[Dataset Boundary: Start]

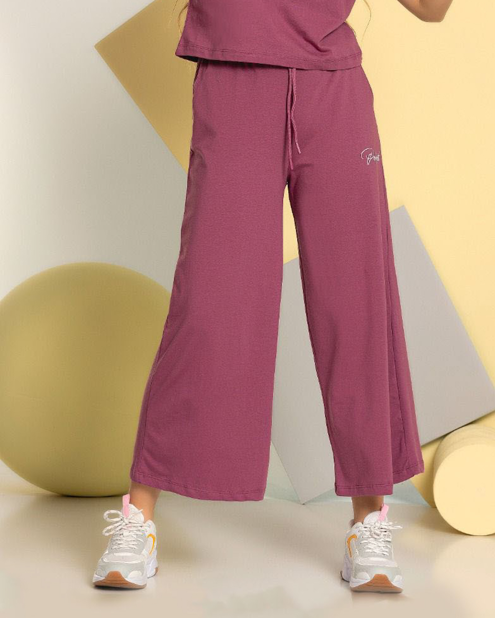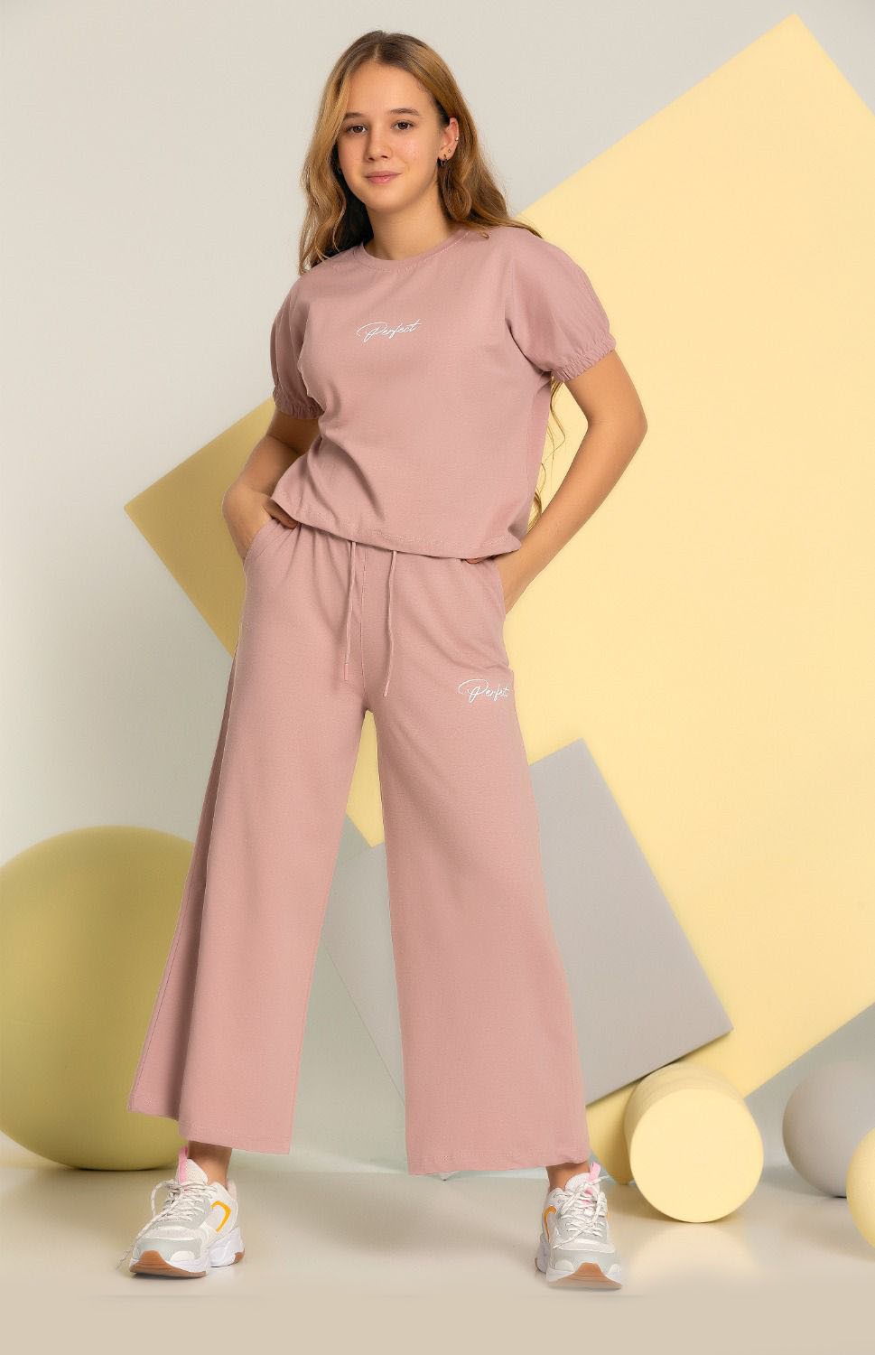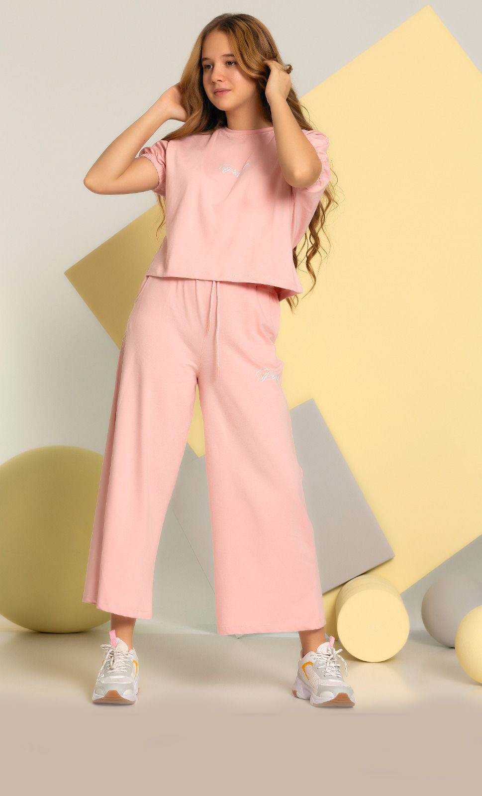 Комплект Smile оптом состоит из свободных брюк на широкой резинке и укороченной футболки. Рукава присборенны эластичной резинкой.
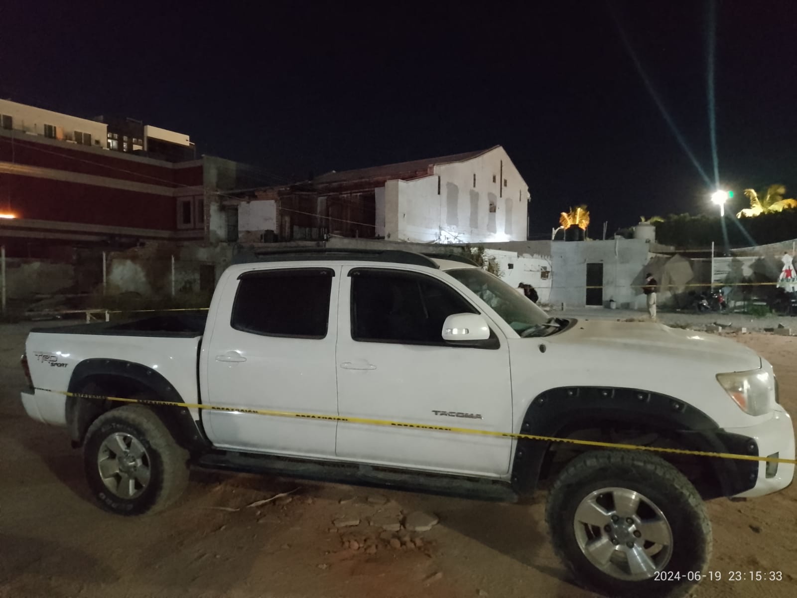 En el lugar de los hechos se localizó un casquillo percutido a 5 metros de una camioneta Pick Up Tacoma blanca del año 2013. Al inspeccionar el vehículo, se encontraron manchas que podrían corresponder a sangre y dos dientes humanos.
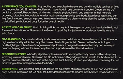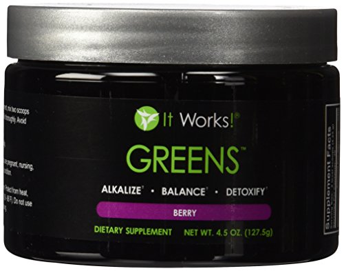 -. Binding : Health and Beauty -. Brand : It Works -. Feature : Nutritional value of 8+ servings of fruits and vegetables in every pack! / Balances pH levels to detoxify, alkalize, and boost immune system health / Blends 38 herbs and nutrient-rich "superfoods" / Delicious berry-flavored powder pack you can mix on the go / Quick, complete nutrition wherever you are! -. Label : It Works -. Manufacturer : It Works -. PackageQuantity : 100 -. ProductGroup : Health and Beauty -. ProductTypeName : HEALTH_PERSONAL_CARE -. Publisher : It Works -. Studio : It Works -. Title : It Works Greens
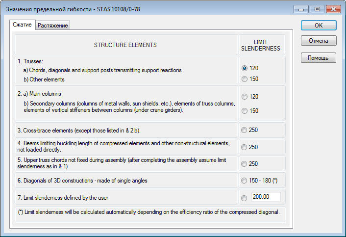 Диалоговое окно предельного значения коэффициента гибкости используется для определения коэффициента гибкости для элементов сжатия и натяжения. Оно открывается при нажатии на кнопку "Определить" в диалоговом окне Конфигурация.
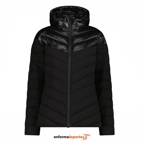 Plumas mujer CAMPAGNOLO SNAPS HOOD, de plumón, con capucha fija y cierre completa con cremallera, confeccionada con tratamiento repelente al agua, ofrece protección eficaz contra el viento y la lluvia, con dos bolsillos laterales, acolchado con tecnología Sorona® Aura, prenda ligera, funcional y sostenible.
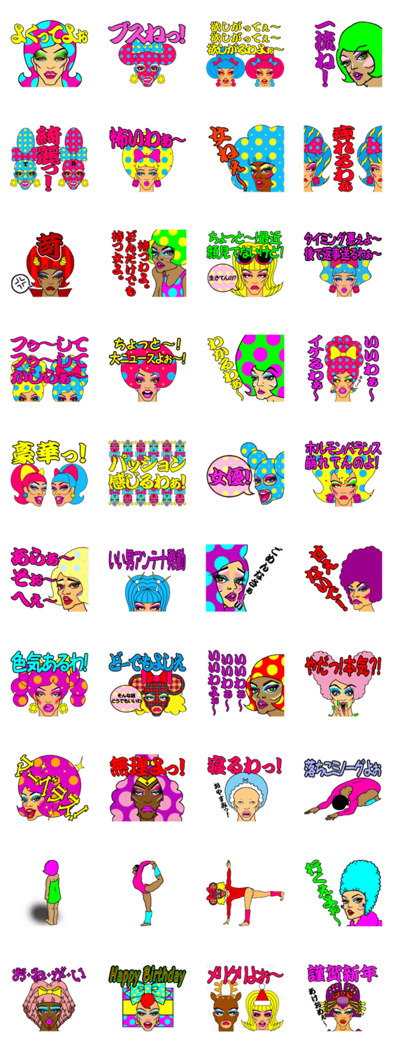 現役オネエが日常使ってる言葉(オネェ言葉)が、そのままスタンプになりました!派手なルックスをよりポップに仕上げた、どこにも無いキュートなスタンプです。
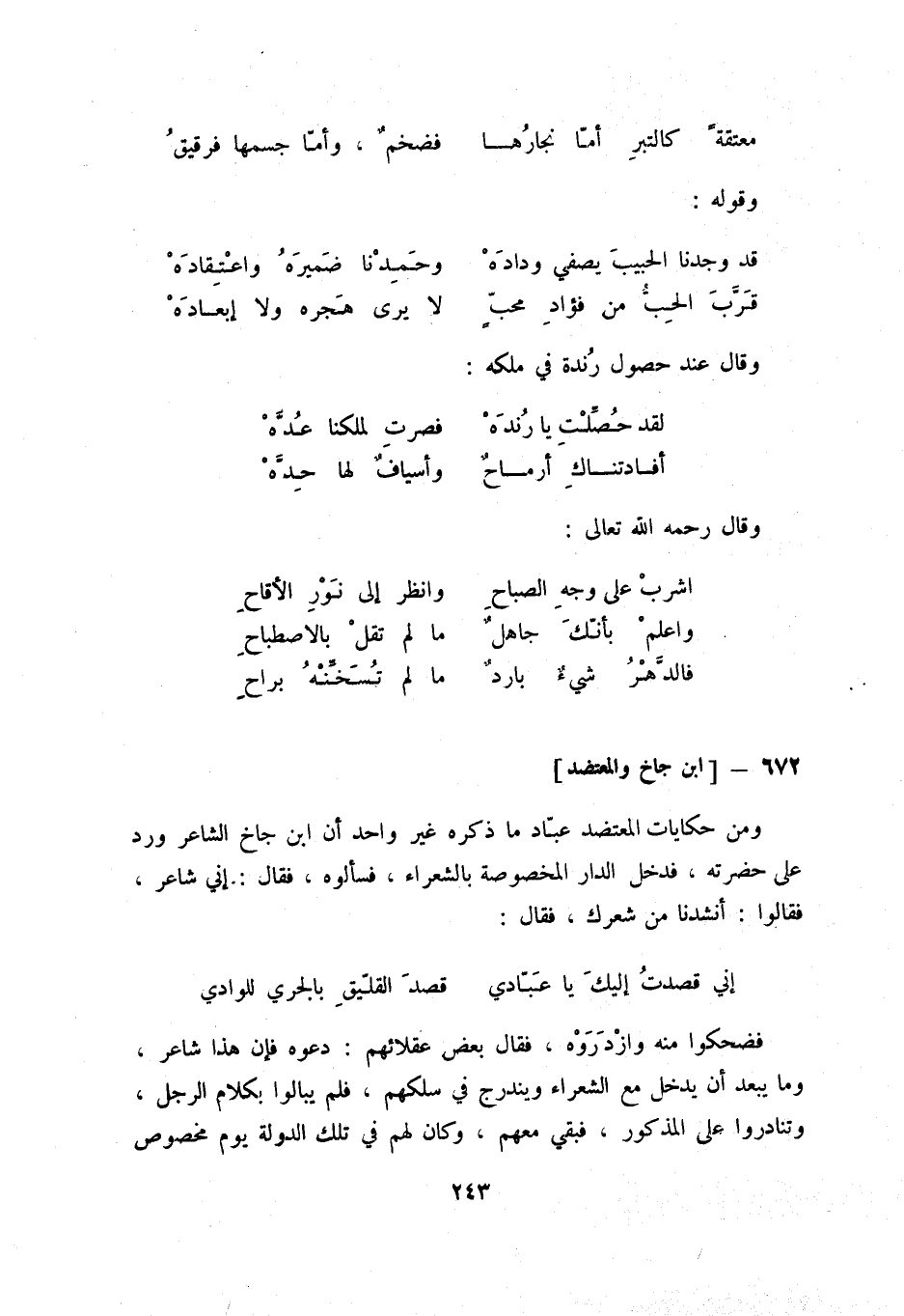 ومن حكايات المعتضد عباد ما ذكره غير واحد أن ابن جاخ الشاعر ورد على حضرته، فدخل الدار المخصوصة بالشعراء، فسألوه، فقال: إني شاعر، فقالوا: أنشدنا من شعرك، فقال:
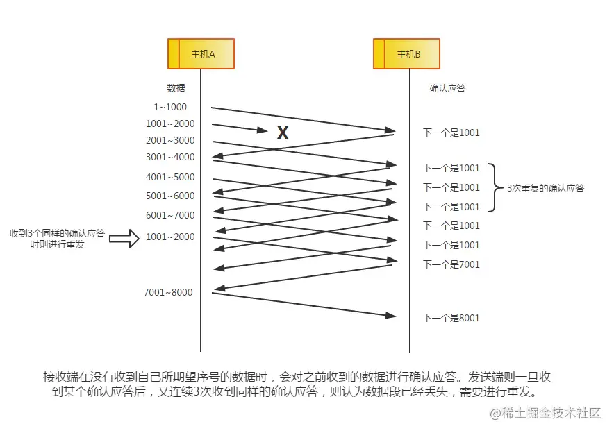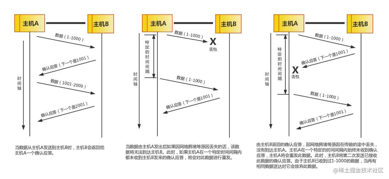 - 接收方丢确认应答:发送方发送一个数组包(Sequence number),接收方收到数组包后返回一个确认应答(Acknowledgment number = Sequence number + 1),但是确认应答丢包,发送方等待一段时间后没有收到确认应答,采用重发相同数据包,接收方判断此为相同数据包,会丢弃该数据,但是仍然会发送一个确认应答包

[Dataset Boundary: End]

▸ **Task objective**
This task calls for the lines from the line holding "現役オネエが日常使ってる言葉" through the last line above, restated word for word with both ends included and the pictures dropped.

▸ **Answer box**
 現役オネエが日常使ってる言葉(オネェ言葉)が、そのままスタンプになりました!派手なルックスをよりポップに仕上げた、どこにも無いキュートなスタンプです。
 ومن حكايات المعتضد عباد ما ذكره غير واحد أن ابن جاخ الشاعر ورد على حضرته، فدخل الدار المخصوصة بالشعراء، فسألوه، فقال: إني شاعر، فقالوا: أنشدنا من شعرك، فقال:
 - 接收方丢确认应答:发送方发送一个数组包(Sequence number),接收方收到数组包后返回一个确认应答(Acknowledgment number = Sequence number + 1),但是确认应答丢包,发送方等待一段时间后没有收到确认应答,采用重发相同数据包,接收方判断此为相同数据包,会丢弃该数据,但是仍然会发送一个确认应答包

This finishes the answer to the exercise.